Additionally, although this exemplary embodiment is directed to
image content, the invention is not so limited, and can be applied
to at least the other types of content discussed elsewhere in the
specification.
[0056] Example media matching system 400 attempts to match media
provided by a media provider 402 with media found on the Web, in
web domains 406. For purposes of discussion, the digital media
referred to in FIGS. 4-12 and in the description below are digital
images.
[0057] Media matching functions and services are provided by a
media matching server 410. Media matching server 410 includes a web
application 422 that provides a variety of services to a user 408.
Typical services provided by web application 422 to a user 408 are
notification that images have been matched, information about the
owner of the domain(s) where matching images were found, the time
period during which matching images were found on the Web, and
reporting capabilities. For purposes of clarity, user 408 refers to
a person that uses a standard web browser such as Microsoft
Internet Explorer or Mozilla Firefox to access web application 422.
It should be noted that the terms domain and website may be used
interchangeably to refer to a collection of web pages that share a
similar Internet domain address. The term uniform resource locator
(URL) generally refers to a specific web page or media file
accessible on a network node, such as those accessible through the
Web. Other methods may be used to access media files, such as file
transfer protocol (FTP), peer-to-peer connections, desktop
application programs with connections to other nodes, or the
like.
[0058] A media provider 402 may be a person or organization that
supplies one or more digital images to a provider storage 418 in
order to have media matching server 410 identify matching images on
the Web.
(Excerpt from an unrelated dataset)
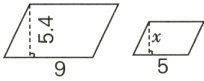 3. 把下面左边的平行四边形按比例缩小后得到右边的平行四边形,求未知数$x$。(单位:cm)

Provider storage 418 is a data storage system that accepts
images, henceforth referred to as "provider images" across the web
using a web communications protocol. Typical web protocols suitable
for conveying images are simple object access protocol (SOAP),
hypertext transfer protocol (HTTP), and file transfer protocol
(FTP). Provider storage 418 uses a database management system,
typically a relational database management system, to store the
provider images onto physical data storage systems such as a hard
disc or optical disc.
[0059] A domain list generator 412 creates a domain list which is a
list of candidate URLs that are to be crawled by a media crawler
416. Domain list generator 412 stores the domain list in a data
storage 420. Domain list generator 412 is described in greater
detail with respect to FIG. 6. Data storage 420 stores data used by
media matching server 410 including inter alia the domain list,
images, metadata, URLs, case information and application data. Data
storage 420 uses a database management system, typically a
relational database management system, to store data onto physical
data storage systems such as a hard disc or optical disc.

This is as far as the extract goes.